ERBIL — Kurdish prominent leader and former President of the Kurdistan Region, Masoud Barzani, has marked the fourth anniversary of the independence referendum by expressing gratitude to the people of the autonomous region for "invariably" refusing to bow down.
On 25 September 2017, a total of 3,305,925 people (72.16% turnout) in the Kurdistan Region rushed to the polling stations and casted their votes, with 92.73% of them voting in favor of independence.
On the fourth anniversary of the referendum, Barzani wrote on Twitter: "The positive response of 93% of the participants of the Kurdistan Independence Referendum was a historic achievement.
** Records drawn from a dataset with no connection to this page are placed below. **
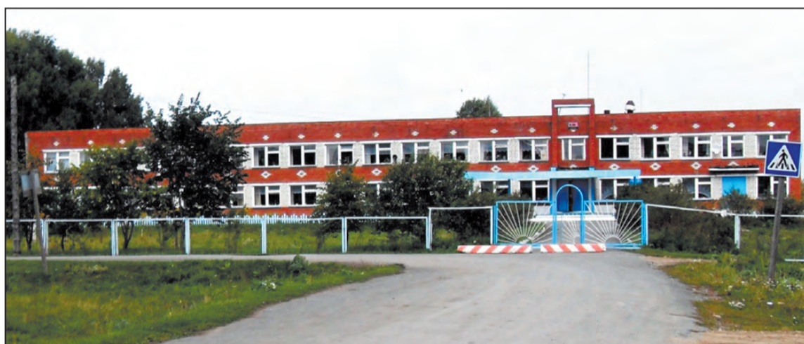
Сегодня школьному зданию уже 33 года
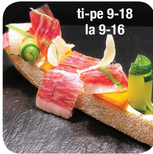
Heart of Spain ti-pe 9-18 la 9-16 Jamon Iberico, tattiCremea, kurpitsaa, kesäkurpitsa, lampaanjuustoa Hämeenkatu 19 Kauppahalli
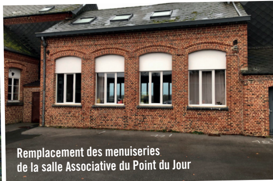
Remplacement des menuiseries de la salle Associative du Point du Jour
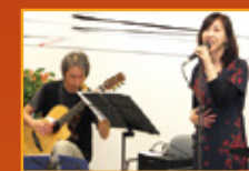
アフタヌーンコンサート オカリナとギターデュオ もくれん様

お食事をして、音楽を聴き、鑑賞後にはティータイム。ホテルイベントに参加しているような、そんなゆったりとしたひと時を過ごしていただきたいと秋の感謝祭を開催しました。
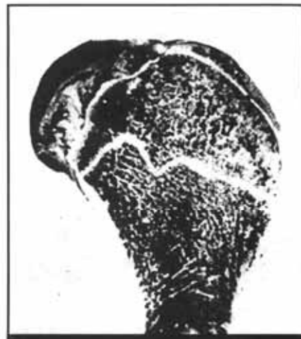
Csontritkulás. A szivacsos csontállomány erős felritkulása

A csontritkulásos betegség másik fő töréstípusa az alkarcsonttörés. A gyógyulás lassabb lehet súlyos csontritkulásban szenvedő betegeknél. A kézfej, ujjak duzzadása esetén vagy ennek megelőzése céljából háromszögletű

On the 4th anniversary of that spectacular victory, I commend the heroic people of Kurdistan for invariably refusing to bow down."
After the tensions began to escalate between Erbil and Baghdad back in 2014, when Nouri al-Maliki, the then prime minister of Iraq, cut the Kurdistan Region's share of the federal budget while the pressure continued even throughout the costly war against the Islamic State (IS) between 2014 and 2017, during which the autonomous region's Peshmerga fighters played a decisive role alongside the US-led Coalition forces.
The tensions between Erbil and Baghdad brought the majority of the political parties in the Kurdistan Region to one table on 7 June 2017 to establish the Referendum High Council, that later announced 25 September as the day for the vote. The effort was spearheaded by the then Kurdistan President Masoud Barzani, with all sides agreeing with the fact that the time had come for the people of Kurdistan to make a decision on their fate: to either stay with Iraq or go for statehood.
"If we cannot be good political partners, then let’s be good neighbors," Barzani repeatedly said, indicating the goodwill behind the referendum, implying that Erbil did not seek war, but an amicable divorce.